[TUHS] The Elements Of Style: UNIX As Literature

John Cowan cowan at ccil.org
Sat Nov 7 08:09:19 AEST 2020


On Fri, Nov 6, 2020 at 1:51 PM Jon Steinhart <jon at fourwinds.com> wrote:


> I've always been willing to spend buckets of money on the monitors because
> to me that's an area where bigger and higher resolution is always better.
>

You'd hardly want one the size of a city block, or even of a room wall.

> I hated Shakespeare in high school.  One of the big reasons was that I felt
> that he made up a word whenever he didn't have a good one available.


Contrary to Internet opinion, Shakespeare probably never invented any
words.  At most he is the first person to record in writing a word whose
written works have survived (mostly).  Why would a commercial playwright
(and Shakespeare wrote for money) use a word his audience didn't
understand?   They'd boo the play off the stage, with or without rotten
fruit.  He did both invent and reuse a lot of phrases: see <
https://inside.mines.edu/~jamcneil/levinquote.html>, or google for "you are
quoting Shakespeare".

The
> flipping back and forth to the list of definitions completely interrupted
> the cadence of reading.
>

Pop-up translations would be much better, of course.  I studied R&J with
footnotes; my daughter, with an across-the-page translation into
Contemporary Modern English.  Of course, that meant I had to explain some
of the gallows humor to her, like Mercutio's dying words: "Seek for me
tomorrow, and you will find me a *grave* man."

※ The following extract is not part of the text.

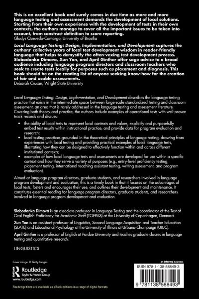Local Language Testing: Design, Implementation, and Development describes the language testing practice that exists in the intermediate space between large-scale standardized testing and classroom assessment, an area that is rarely addressed in the language testing and assessment literature. Covering both theory and practice, the book focuses on the advantages of local tests, fosters and encourages their use, and provides suggested ideas for their development and maintenance. The authors include examples of operational tests with well-proven track records and discuss: the ability of local tests to represent local contexts and values, explicitly and purposefully embed test results within instructional practice, and provide data for program evaluation and researchlocal testing practices grounded in the theoretical principles of language testing, drawing from experiences with local testing and providing practical examples of local language tests, illustrating how they can be designed to effectively function within and across different institutional contextsexamples of how local language tests and assessments are developed for use within a specific context and how they serve a variety of purposes (e.g., entry-level proficiency testing, placement testing, international teaching assistant testing, writing assessment, and program evaluation) Aimed at language program directors, graduate students, and researchers involved in language program development and evaluation, this is a timely book in that it focuses on the advantages of local tests, fosters and encourages their use, and outlines their development and maintenance. It constitutes essential reading for language program directors, graduate students, and researchers involved in language program development and evaluation.

> While readers might "lose focus" part of the way through long lines, that
> has to
> be balanced against the loss of focus that comes from 'mental
> carriage-returns"
> when text is too narrow and broken across several lines.  Again, not
> studied as
> far as I know.
>

Lispers, of course, have only one kind of bracket, and append as many
close-brackets to each line as are needed there.  (We don't count them,
Emacs and vi do the matching.)  Sure saves on vertical whitespace, which
means you typically can see a whole function in one screen.



John Cowan          http://vrici.lojban.org/~cowan        cowan at ccil.org
Is a chair finely made tragic or comic? Is the portrait of Mona Lisa
good if I desire to see it? Is the bust of Sir Philip Crampton lyrical,
epical or dramatic?  If a man hacking in fury at a block of wood make
there an image of a cow, is that image a work of art? If not, why not?